Blood as a Diagnostic Window

A complete blood count (CBC), the most commonly ordered laboratory test worldwide, provides a comprehensive snapshot of blood composition: red cell count, hemoglobin concentration (normal: 12 to 17 g/dL), hematocrit (percentage of blood volume occupied by red cells, normal: 36 to 52%), mean corpuscular volume (average red cell size), white cell count with differential (percentages of each type), and platelet count. Deviations from normal ranges signal specific conditions: low hemoglobin indicates anemia (which may result from iron deficiency, vitamin B12 deficiency, chronic disease, bone marrow failure, or blood loss), elevated white cells suggest infection or leukemia, and low platelets indicate bleeding risk from causes ranging from immune destruction to production failure.

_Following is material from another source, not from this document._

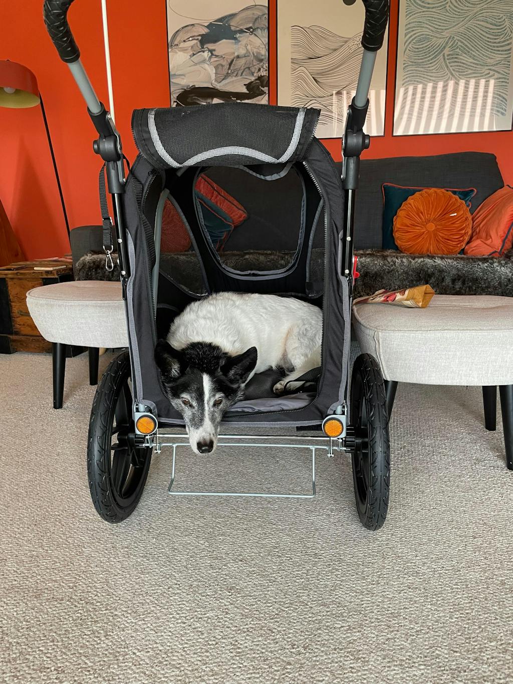 Our dog is reactive to people and also struggles to tolerate being picked up so the buggy suits her well because she can jump in herself. So far I’ve just got her eating her meals in the buggy, snuffle games and I reckon she will take to it! So far so good. I just can’t wait for the doors it will open in her life! She can be more involved with our day to day lives having this secure, safe, den on wheels along side. The buggy will help with tubes/ public transport as well and so her world can expand!

Beyond the CBC, blood chemistry panels measure metabolic markers (glucose, electrolytes, kidney function, liver enzymes), coagulation studies assess clotting capability, and specialized tests detect specific antibodies, hormones, tumor markers, or drug levels. The blood carries chemical signatures of virtually every organ system's function, making it the single most informative diagnostic specimen in medicine. A standard 10 mL blood draw can yield dozens of measurements that together paint a detailed picture of metabolic, immune, endocrine, and organ health.

Key Takeaway

Blood is a complex tissue of plasma and formed elements, with red blood cells carrying oxygen via hemoglobin's cooperative binding, white blood cells providing layered immune defense, and platelets enabling rapid wound sealing through the coagulation cascade, all continuously renewed by bone marrow stem cells at a rate of half a trillion cells per day.